I wasn’t about to argue the Pine Mountain first-come-first-served tradition. Anyway, I thought he was going to hit me, so I was happy that Mr. Farrow was watching our heartwarming get-acquainted moment. Even though I’d always liked school, I suddenly realized how shitty this particular Sunday-before-the-school-year-begins was turning out after the simple addition of one Chas Becker. That, and the whole head-in-a-toilet thing.
And Mr. Farrow cleared his throat, mousylike, saying, “You’re going to need to reinvent the haircut, Chas.”
Nothing that bordered on the undisciplined or unorthodox was tolerated at PM. Not even facial hair, not that I had anything to worry about as far as that rule was concerned. I’d seen some girls at PM who came closer to getting into trouble over that rule than me. The only thing I’d ever shaved was maybe a few points off a Calculus test so my friends wouldn’t hate me if I set the curve too high.
“I’ll shave it off after schedules,” Chas said.
“You’ll need to do it before,” Farrow answered.
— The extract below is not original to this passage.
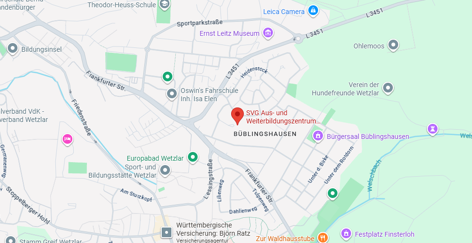 Von der A5 auf die A45 Richtung Wetzlar Ausfahrt 31 Wetzlar Süd Richtung Wetzlar-Süd, dann der L3451 bis Im Amtmann fahren

He explained, “You know that ID pictures are today, and you’re not going in looking like that.”
I waited until Chas backed up a step, and then I stood up, hitting my head squarely on the metal frame beneath my new sleeping spot. And as I rubbed my scalp I thought Chas was
probably just waiting for Farrow to leave so he could reassign me to the floor.
“You need to wear a scrum cap when you go to bed, too, Winger?” Scrum caps are things that some players wear to protect their heads in rugby. But wings don’t wear them, and all they really are good for is keeping your ears from getting torn off, so second-row guys like Chas had to wear them. In fact, I clearly saw one on top of his kit bag when he came in and I felt like—really felt like—giving him a clever comeback so Farrow could see the new, eleventh-grade version of me, but I couldn’t think of anything witty because my head hurt so bad.
I fucking hated Chas Becker.
There were chairs at each of the desks in the room, but I knew better than to pull one out, because Chas would just say that was his too. And as I fumbled with climbing up onto the top bunk, wondering how I was ever going to get in and out of bed if I needed to pee in the middle of the night, already mentally rigging the Ryan Dean West Emergency Gatorade Bottle Nighttime Urinal I would have to invent, Farrow slipped backward out the door and pulled it shut behind him.
So it was me and Chas.
Pure joy.
Bonding time.
And I couldn’t help but wonder how much blood could actually be contained by the 160-pound sack of skin I walked around in.
Well, to be honest, it’s 142.
Yeah . . . I am a skinny-ass loser.
And I’d had a talk with my very best friend, Annie, just that morning when we showed up at school. Annie Altman was at Pine Mountain because she chose to enroll at the school. Go figure.
Annie Altman was going into eleventh grade too, which meant she was two full years older than me, so, most people would think there couldn’t possibly be anything between us beyond a noticeable degree of friendship, even if I did think she was smoking hot in an alluring and mature, “naughty babysitter” kind of way. I was convinced, though, that as far as Annie was concerned, I was more or less a substitute for a favored pet while she had to be here at PM, probably a red-eared turtle or something. At least she usually got to go home on weekends and see the pets she really loved.